Nazim Zouiouèche, expert en énergie et ex-PDG de Sonatrach sur RadioM / Ph: Y. Bouktache

Nazim Zouioueche, ancien P-DG de Sonatrach, et expert en Energie, revient sur les résultats de l’ouverture des plis du quatrième appel d’offre de l’Agence nationale pour la valorisation des ressources en hydrocarbures (Alnaft), où quatre périmètres sur les 31 proposés ont été attribués à trois consortiums.

 

L’Algérie vient d’attribuer 4 périmètres d’exploration et d’exploitation sur les 31 prévus dans le quatrième appel d’offre lancé par Alnaft. Quelle appréciation faites-vous sur ces résultats ?

 

C’est très peu brillant, voire triste. Les chiffres sont bien parlant. De 31 périmètres on a pu trouver des preneurs que pour quatre, cela ne peut être que décevant. De surcroit, les multinationales ne se bousculaient pas sur ces périmètres. On a pas observé de concurrences dans les offres, étant donné que chaque périmètres n’avait qu’une seule offre, à part celui de Boughezzoul, qui vu la concurrence du consortium Repsol/ Shell exploration  et Eni Algérie. Nous n’avons pas assisté non plus à de nouveaux arrivants. Toutes les entreprises ayant candidaté à ce quatrième appel d’offre sont, en effet, des grands ‘’classiques’’ du marché algérien.

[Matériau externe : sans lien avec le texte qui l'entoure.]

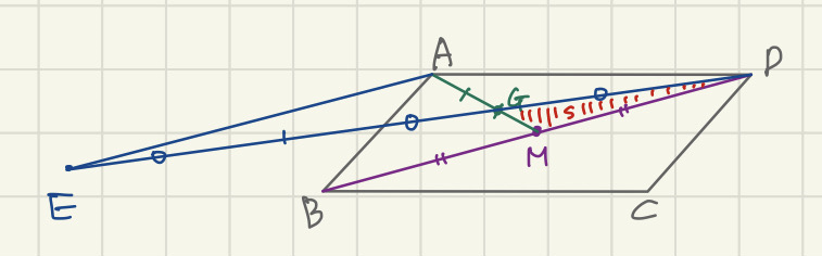 선분 GD를 2:3으로 외분하는 점을 E라고 하자.

Je souhaiterais, toutefois, relever un point positif, celui concernant le marché d’exploitation et d’exploration dans  le nord du pays. L’attribution du périmètre de 1000 km de Boughezzoul au consortium Repsol et Shell Exploration, était une très bonne nouvelle pour moi.  La première exploration dans le nord de l’Algérie, rappelons-le, était du gisement de pétrole de Oued Guetrine à Sour El Gouzlane en 1947. Il est vrai que l’exploitation dans le nord est plus compliquée que celle du sud, vu la complexité de la géologie du nord. Mais cela reste bien faisable, étant donné que plusieurs pays dans le monde opèrent des exploitations sur le même type de géologie, et cela marche bien.

 

Alnaft n’a pas donné de précisions  concernant les périmètres concernés par les hydrocarbures non conventionnels. Pensez-vous qu’ils y auraient des marchés pour le gaz de schiste dans ces contrats ?

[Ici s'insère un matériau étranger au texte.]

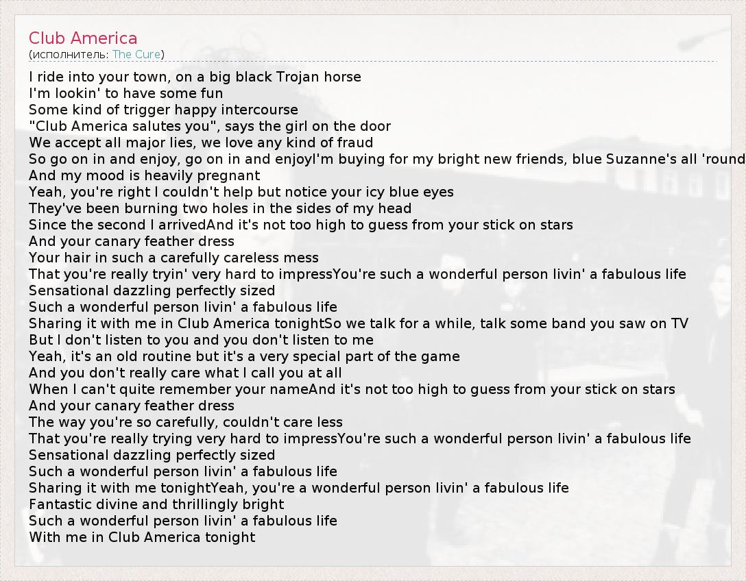 Sharing it with me in Club America tonightSo we talk for a while, talk some band you saw on TV

Personne n’a proposé d’aller sur le gaz de schiste. Les multinationales sont assez mûres et ont assez d’expériences et de connaissances pour savoir qu’il est trop tôt d’aller maintenant vers un marché du non conventionnel en Algérie. Des données disent que nous possédons les troisièmes réserves mondiales en matière de gaz de schiste, mais nous ne connaissons pas le potentiel réel de l’Algérie en la matière. Il faudrait que nous fassions tout d’abord des études à fin de connaitre notre véritable  potentiel, le valoriser, puis faire une estimation sur ce qu’on pourrait produire et les moyens à mobiliser pour y arriver. Sur ce point, les professionnels savent très bien que l’Algérie n’est pas encore à ce stade.

 

Peut-on dire que la nouvelle loi sur les hydrocarbures promulguée en mars 2013, n’a pas réussi à attirer plus d’investisseurs ?

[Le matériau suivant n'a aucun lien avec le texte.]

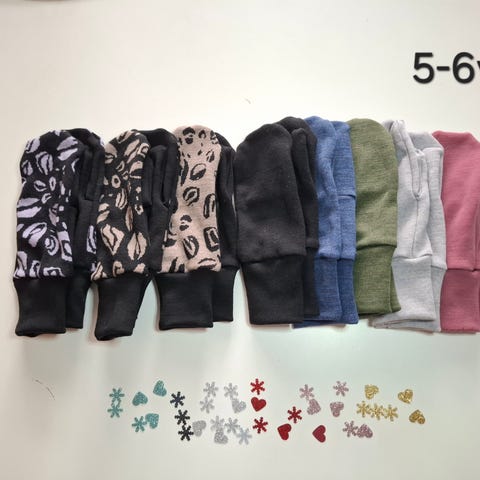Saatavilla myös koossa 3-4v, 5-6v ja vauvojen peukalottomia. Tilauksesta muita kokoja, myös aikuisen kokoisia.

Je pense que le résultat est là. Vous vous rendez compte du fait qu’il n’ait pas eu de concurrence dans les périmètres proposés ? Les grandes multinationales cherchent des personnes qui parlent le même  langage professionnel qu’elles. Ils ont besoin d’avoir des réponses quand ils les cherchent, d’avoir des explications et des orientations quand ils les demandes, et surtout d’avoir une stabilité institutionnelle. Je pense que c’est à la fois un problème relationnel et institutionnel. L’investisseur a besoin d’être encouragé.